The United Nations Food and Agriculture Organization (FAO) today urged heightened preparedness and surveillance amid signs that a mutant strain of the deadly bird flu virus is spreading in Asia and beyond.
While the H5N1 Highly Pathogenic Avian Influenza virus was eliminated from most of the 63 countries infected at its peak in 2006, it remained endemic in six nations. Outbreaks have risen since then, with almost 800 cases recorded between 2010 and 2011, FAO said in a news release.
The agency's chief veterinary officer, Juan Lubroth, said that migrations have helped the virus travel over long distances and expand geographically. In the past two years, the H5N1 virus has shown up in poultry or wild birds in countries that had been virus-free for several years.
Areas recently affected by the virus are found in Israel and the Palestinian territories, Bulgaria, Romania, Nepal and Mongolia.
Lubroth said another cause for concern is the appearance in China and Vietnam of a variant virus that is able to bypass the defenses provided by existing vaccines.
Most of the northern and central parts of Vietnam, where H5N1 is endemic, have been invaded by the new virus strain, known as H5N1 – 2.3.2.1. The country had suspended its springtime poultry vaccination campaign this year.
Vietnam's veterinary services are on high alert and reportedly considering a targeted vaccination campaign this fall. FAO noted that virus circulation in Vietnam poses a direct threat to Cambodia, Thailand and Malaysia as well as endangering the Korean peninsula and Japan. Wild bird migration can also spread the virus to other continents.

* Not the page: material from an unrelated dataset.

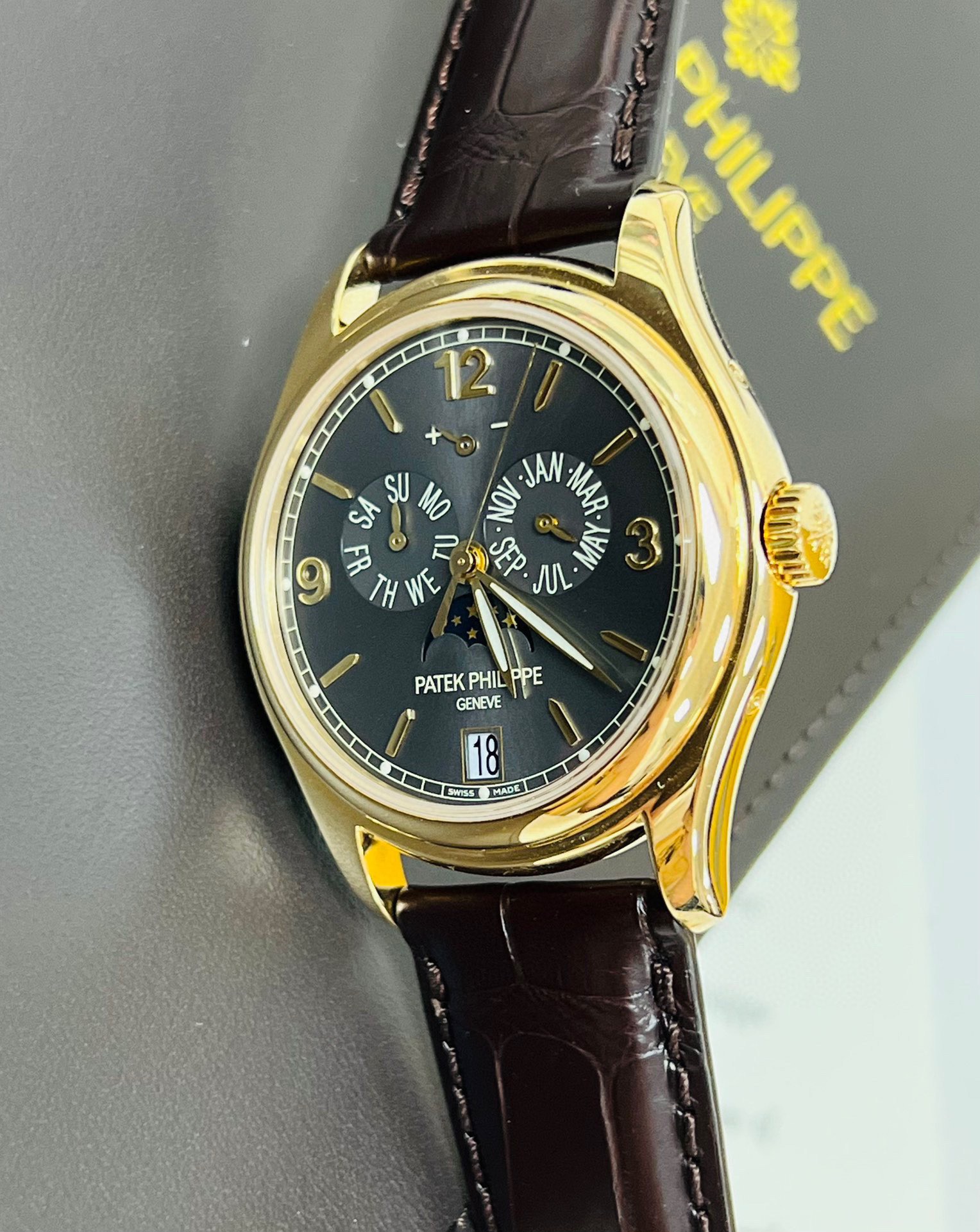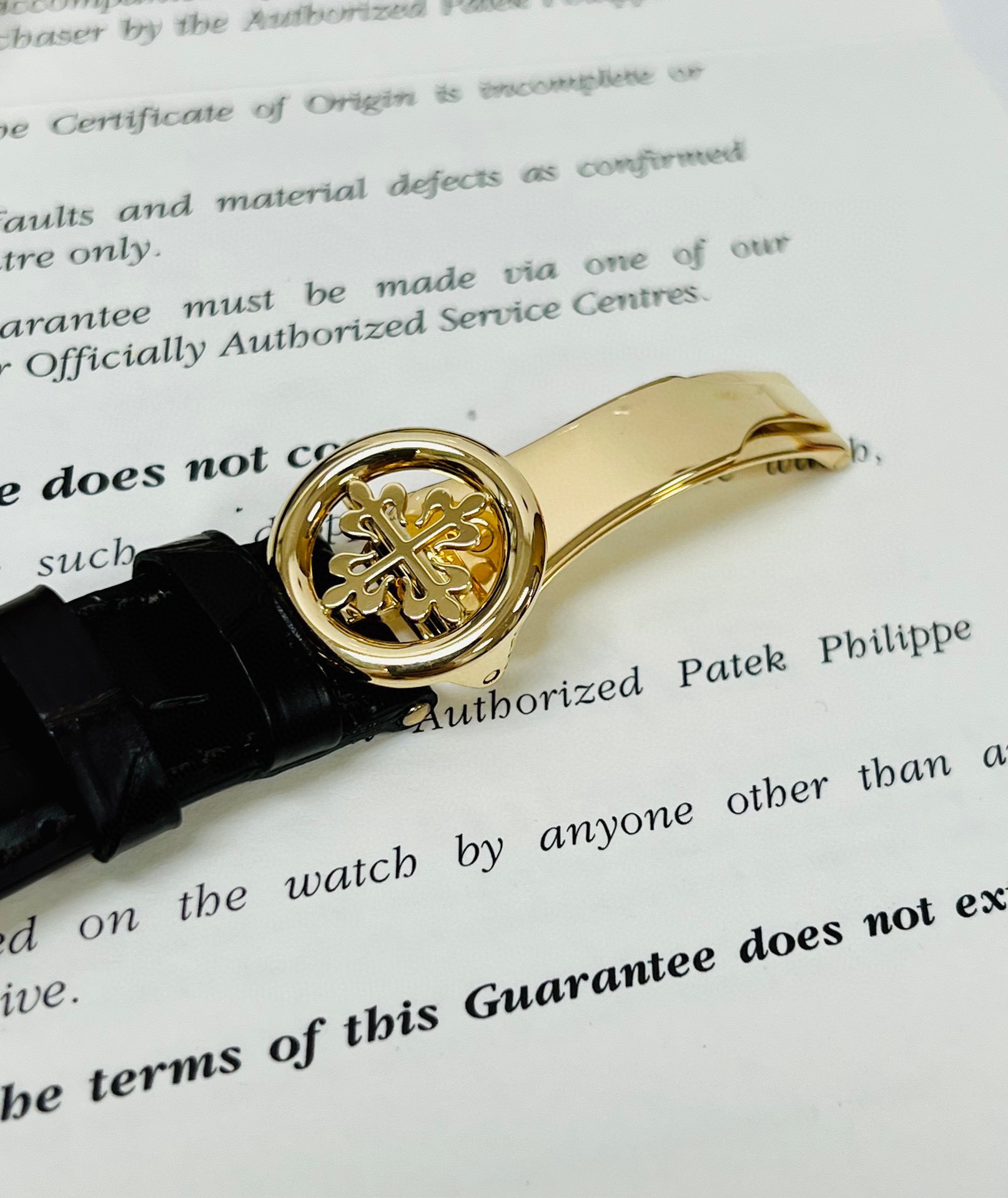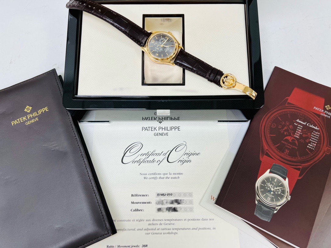 2019年6月全套百达翡丽5146J-010,复杂功能计时 18k黄金 自动机械男士腕表 表径39mm 动力储备显示、月相、年历显示、星期显示、日期显示 背透 折叠扣 参考公价368800
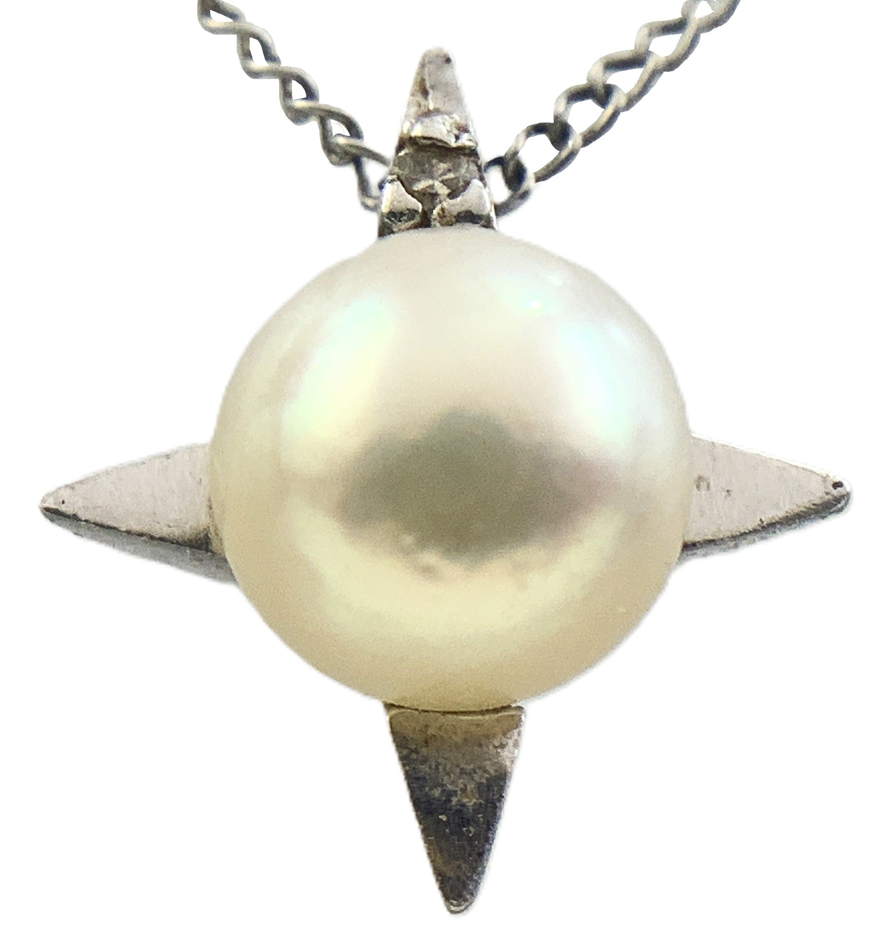 This is a pearl pendant necklace with a star-shaped setting and a white gold chain.

Bangladesh, China, Egypt, India, Indonesia and Vietnam, where the virus is still firmly entrenched, are likely to face the biggest problems but all countries need to be vigilant, said Lubroth.
“Preparedness and surveillance remain essential,” he stressed. “This is no time for complacency. No one can let their guard down with H5N1.”
Speaking to UN Radio, Lubroth said that there is no indication that the new virus strain will behave differently than the previous one or that it is more dangerous to humans. He also noted that all countries, and not just those where the virus is entrenched, should be concerned that it has not been possible to eliminate and contain the H5N1 virus.
Poultry production and marketing will determine how the disease will spread, he pointed out. “Production practices and marketing practices should be better regulated and more hygienic, as the consumer needs to be protected as well as the production facilities because so many people's livelihoods depend upon poultry and poultry rearing,” he stated.
Since 2003 the H5N1 virus has killed or forced the culling of more than 400 million domestic poultry and caused an estimated $20 billion of economic damage across the globe before it was eliminated from most of the 63 infected countries.
It has infected 565 people since it first appeared, killing 331 of them, according to the UN World Health Organization (WHO). The latest death occurred earlier this month in Cambodia, which has registered eight cases of human infection this year – all of them fatal.